All 204 seats in the Landtag of Bavaria 103 seats needed for a majority
- Registered: 6,254,214
- Turnout: 4,655,745 (76.6%) ▼5.8%
|  | First party | Second party | Third party |
| Leader | Georg Meixner | Waldemar von Knoeringen | Willi Guthsmuths |
| Party | CSU | SPD | GB/BHE |
| Seats won | 101 | 64 | 17 |
| Seat change | +18 | +3 | −2 |
| Popular vote | 4,192,904 | 2,839,300 | 793,628 |
| Percentage | 45.6% | 30.9% | 8.6% |
| Swing | +7.6% | +2.7% | −1.6% |
|  | Fourth party | Fifth party |
| Leader | Jakob Fischbacher | Karl Eberhardt |
| Party | BP | FDP |
| Seats won | 14 | 8 |
| Seat change | −14 | −5 |
| Popular vote | 742,424 | 512,344 |
| Percentage | 8.1% | 5.6% |
| Swing | −5.1% | −1.6% |
- Results for the single-member constituencies.
| Minister-President before election Hanns Seidel CSU | Elected Minister-President Hanns Seidel CSU |

= 1958 Bavarian state election =

State election in Bavaria, Germany

The 1958 Bavarian state election was held on 23 November 1958 to elect the members of the Fourth Bavarian Landtag, and was notable for being held in the midst of the Casino Affair, which indicted several Bavarian politicians in the previous government on charges of corruption.

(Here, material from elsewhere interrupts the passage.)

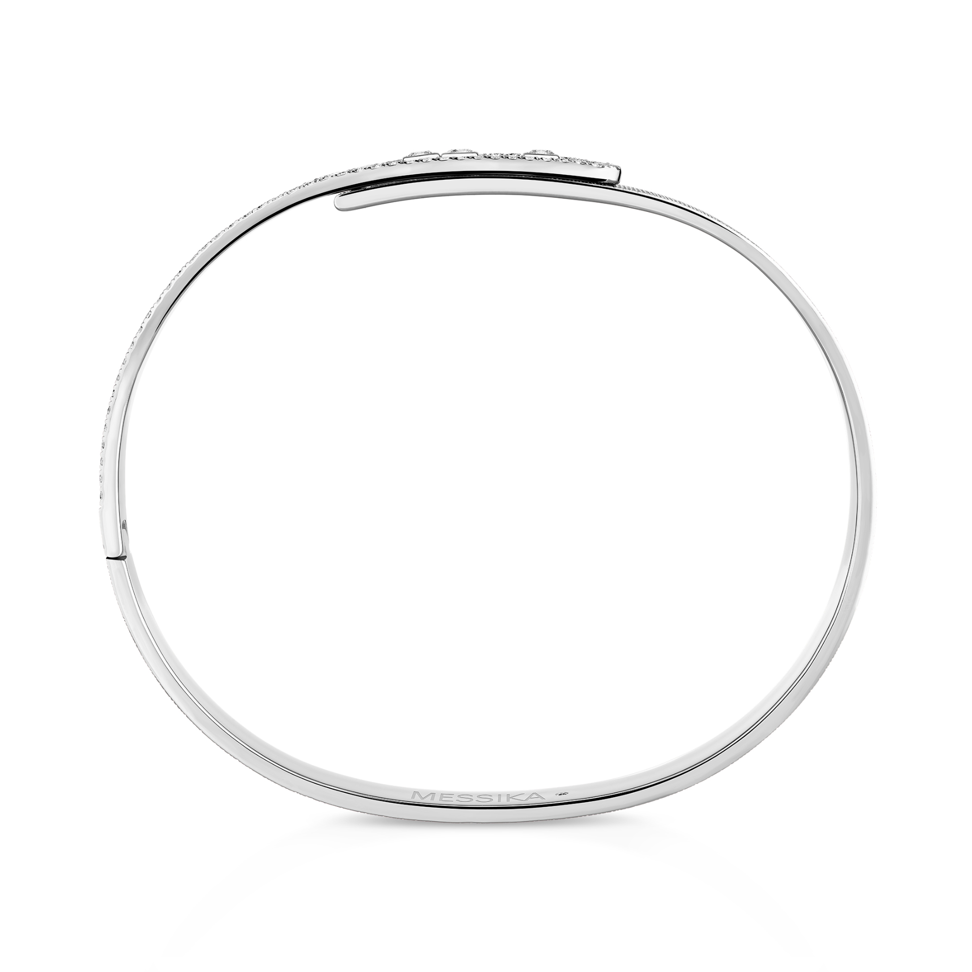 Ref. 14501-WG - Das Kultdesign der Move Noa Schmuckkollektion trifft an einem strahlenden Diamantarmband in einer halb ausgefassten Ausführung auf die Raffinesse von ziseliertem Weißgold. In dieser Variante des Armreifs aus Gold und Diamanten werden Sie das Spiel des Lichts und des Reliefs des strukturierten Goldes in Verbindung mit dem Glanz der drei beweglichen Diamanten und dem Funkeln der mit Diamanten ausgefassten Fläche noch mehr genießen. Das ausdrucksstarke und einzigartige Finish verleiht dem Armband aus Gold und Diamanten einen Seidensamt-Effekt. Die vollständig von Hand und mit höchster Präzision gefertigten Goldstreifen spiegeln die Handschrift der Juwelierkunst und das gesamte Savoir-faire der Schmuck- und Haute-Joaillerie-Maison wider.

The Christian Social Union in Bavaria (CSU) has won every Bavarian state election since 1958, as of 2026.
==Background==
===Viererkoalition===
While the CSU was still suffering from the major upset of the 1950 state elections, it found itself recouping their losses in 1954, gaining back 19 seats out of the total 40 lost in 1950, and the SPD struggled to keep its upwards momentum. That opened a door to another grand coalition, which had been done twice, or a possible alliance with the declining right-wing parties. However, the SPD pulled a major coup after the election results had come in. Under SPD Landtag Chairman Waldemar von Knoeringen, negotiations were brokered with the BP, GB/BHE and FDP for a Viererkoalition (coalition of four) against the CSU. That was approved, and the SPD politician Wilhelm Hoegner became Minister-President for a second time, with the BP co-founder Joseph Baumgartner as his deputy. That caused internal strife within the CSU, which led to the resignation of Hans Ehard as party chair in January 1955, but he remained in his position as President of Landtag.

===Casino Affair===
In 1951, the businessman Karl Freisehner had approached the government about casino operating concessions in his name. That was rejected, but several Landtag members had received a bribe of 50,000 marks to vote for it. With enough pressure, the Bavarian government gave the licences in April 1955. Soon afterwards, the CSU had launched a parliamentary investigation into the opening of the casinos. One of the recipients of the 50,000-mark check was a CSU deputy, Franz Michel, who came forwards to his other party members. Later, he claimed that he had burned the check. The crusade against bribery was now led by Friedrich Zimmermann, who reportedly had incriminating evidence on Baumgartner. In 1957, Baumgartner and Interior Minister August Geislhöringer, also a member of the BP, resigned in the face of the allegations.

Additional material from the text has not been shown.